August 23, 2012
Rice Gene Allows Crop To Thrive In Nutrient Deficient Soil
Brett Smith for redOrbit.com - Your Universe Online
In a discovery that could have major implications for the worldwide food supply, scientists at the International Rice Research Institute (IRRI) in the Philippines have identified and leveraged a gene that allows rice to thrive in nutrient deficient soil.
According to their report published this week in the journal Nature, the researchers were able to improve test yields of rice planted in the Philippines, Japan, and Indonesia by 20 percent.
"We found a gene that enhances phosphorus uptake in low phosphorus conditions. We have been looking for it for many years," said lead author Sigrid Heuer.
The gene, phosphorus-starvation tolerance 1 (PSTOL1), was first identified in the Kasalath rice variety that is native to India and grows well in soils low in phosphorus. About a decade ago, scientists identified one or more genes in the plant that allowed it to grow successfully in these scarce conditions. Because of the complexity of the genetic mechanism that imparts this unique ability to the Kasalath plants, it took the IRRI team three years to identify the specific gene responsible.
Heuer and his team were able to isolate and breed the gene through cross-pollination, an important distinction for those against using genetic engineering techniques on food products. Advocates of genetic technology say using traditional pollination techniques can translate into years or even decades of testing before a new strain reaches the market.
The PSTOL-1 gene enables developing rice plants by maximizing their roots´ extraction of phosphorus from the soil. Successful breeding to the gene would reduce the dependence on phosphorus-rich fertilizer in poorer sections of Asia that are known to have nutrient deficient soil.

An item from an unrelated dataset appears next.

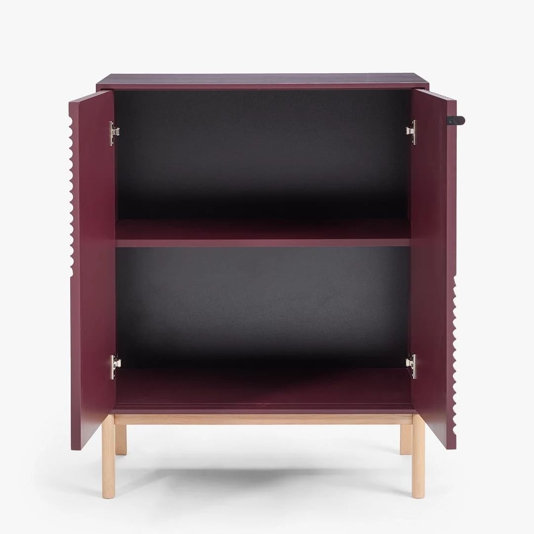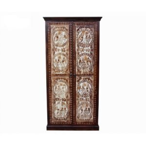 Hand Painted Palm Solid Wood 2 Door Maroon Cabinet (4)

Because many plant roots are only able to extract a tiny amount of phosphorus from the soil, farmers around the world spread phosphorus-based fertilizer on their fields. In poorer countries, this solution is often too costly, resulting in less than optimal yields when the plants mature. In wealthier countries, more robust rice plants would need less fertilizer, meaning lower costs and less damaging phosphate runoff into the water table.
"Fifty percent of world's arable land is too low in phosphorus. It's not like if you have this gene that the plants don't need phosphorus anymore," Heuer told Tan Ee Lyn of Reuters.
"They (rice plants with the gene) may be able to exploit the soil a little better so the harvest is better. They may make better use of fertilizer because they can take it up more efficiently ... If you have a bigger root system, then the plant can take it up better and they can have better access to the patches where the phosphorus is."
Because the unique ability was found in a plant that thrives in less arable conditions in eastern India, this latest study underlines the importance of biodiversity and conservation. If the Kasalath plant were wiped out by the destruction of habitat–the PSTOL-1 gene may have never been identified.
The group plans to share the results of their work with other scientists around the world that are researching more robust and tolerant strains of crops. They expect the PSTOL1-enhanced rice plants to reach the market within the next 5 years.